No worries, fair question. It worth noting that my job is not data analysis. So I do use data analysis to evaluate our metrics and model performance.
Really none of it is really automatable. I'm working developing NLP features for our product (question answering, search, neural machine translation, dialog, etc). Our customer data is diverse, in different formats, and thier use cases are all distinct. So most of my work is novel applied research and development.
I do assume that the data format is different (alas I also assume that they are all some sort of a text file with known fields and types).
But after you setup the dataset definition and defined the schema, the rest can be based on neural search?
Moreover, isn't there a state of the art architecture for each of the task. E.g. Seq2Seq for machine translation. Can you just use that as a base line, and let the NAS engine search hyper param, etc?
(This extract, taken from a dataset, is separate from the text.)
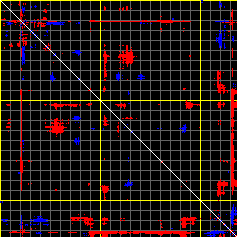 This matrix displays the maximum distance fluctuations between all pairs of CA atoms and between the two extreme conformations that were computed for this mode (DQMIN/DQMAX). Distance increases are plotted in blue and decreases in red for the strongest 10% of the residue pair distance changes. Every pixel corresponds to a single residue. Grey lines are drawn every 10 residues, yellow lines every 100 residues (counting from the upper left corner).

Happy to talk more offline, my email is my profile. The short answer is no because there are more complexities involved - both related to our specific use cases but really natural language in general. If that were the case NLP would be solved and any company that could exist would already. From my experience, I'm not sure where the line is between choosing the right model vs having the right data solves most problems. There have been novel architecture developments like rnns and lstms that have shown well to support certain domains. New architecture are developing each year and the space moves very quickly. On the flip side, having pedabtyes of data (like BERT or OpenGPT) and simpler architectures is also powerful but prohibitive to everyone that is not Google or state government. The real answer is probably somewhere in between and whiles it's unsolved, there is work for me to do. That being said, our strategic philosophy is to make our AI a commodity so that we can differentiate ourselves on other features.
Most of our problem don't cleanly map to existing NLP tasks. State of the art often isn't as high as you think in many tasks. For example, the machine translation in relation to beta feature we're building that lets you ask the question of arbitrary single tables (kind of like wiki-tables) but we don't the know the schemas in advance or the questions the user may ask about. Outside of having the issue of having quality annotated data (which we often don't - cold start problem), we need to do more than simple model tuning. It requires building custom architectures.
But even when you consider known tasks, state of the art models do not often produce those same results on real-world data. If you put aside data quality issues (which is another huge challenge for us), in the context of question answering, the training data rarely captures the distribution of the natural language in the wild. People ask questions differently and use language that doesn't match the content in our knowledge base.
I could go on. But short answer, it's not as straightforward as you think. Even at google scale, machine learning is not solved. For everyone else with fewer data and domain-specific use cases, it's even harder.
Thanks for the answer. I am happy to discuss offline. While I did my master on computational linguistics which is related to your field, I am currently creating a new auto ml platform so I would appreciate your feedback. My goal is to automate the straightforward parts.
As you mentioned, some tasks in NLP like full conversation are not solved and will likely never be solved with deep learning by itself (at the level of the conversation). There should be some sort of symbolic AI or taxonomies/knowledge graph (like RDF) in combination with deep models.
>But after you setup the dataset definition and defined the schema, the rest can be based on neural search?
Sure, but hyperparameter tuning and architecture selection takes such an insignificant amount of any competent ML practitioner's time so as to be pretty much irrelevant.
At least for me, my time is mostly spent:
1. Understanding (or designing) the process that generated the data.
2. Organizing the training schema.
3. Understanding the customer's business problem so that an appropriate ML system can be designed.
4. Doing an initial design of the ML system based on that understanding and then iteratively designing new components for said system based on customer feedback.
5. Developing or researching how to measure model performance.
6. Searching for alternative data sources.
7. Answering customer and stakeholder questions about the ML system
8. Implementing the ML system in code.
None of these can be automated with current technology, and there's a reason for that: if it was possible to automate a task then our team already would have.
Sure, provided you have enough data to feed a neutral net, and the problem is well suited to it and you don’t mind giving up huge chunks of explainability.
I recently replaced a classifier at work that was using a neural net with a decision tree and some hand chosen features. It performs a bit better, it takes way less time to train and it’s significantly more explainable: my teammates asked why it sometimes miss-classifies a certain edge case, and because the features and model properties were so easy to understand, fixing the issue was a couple of hours work and not a case of “who knows”.
One of the difficulties is that the broader scope your optimiser has to push towards a solution, the better your measurements need to be. And having an accurate measure of which thing is "better" can be prohibitively expensive.
The costs of errors varies drastically in different domains and for different use cases, so something important is understanding how and why different models typically fail and making tradeoffs there.
I have a serious question (not for bashing)
Can you please describe what part of your job CANNOT be automated?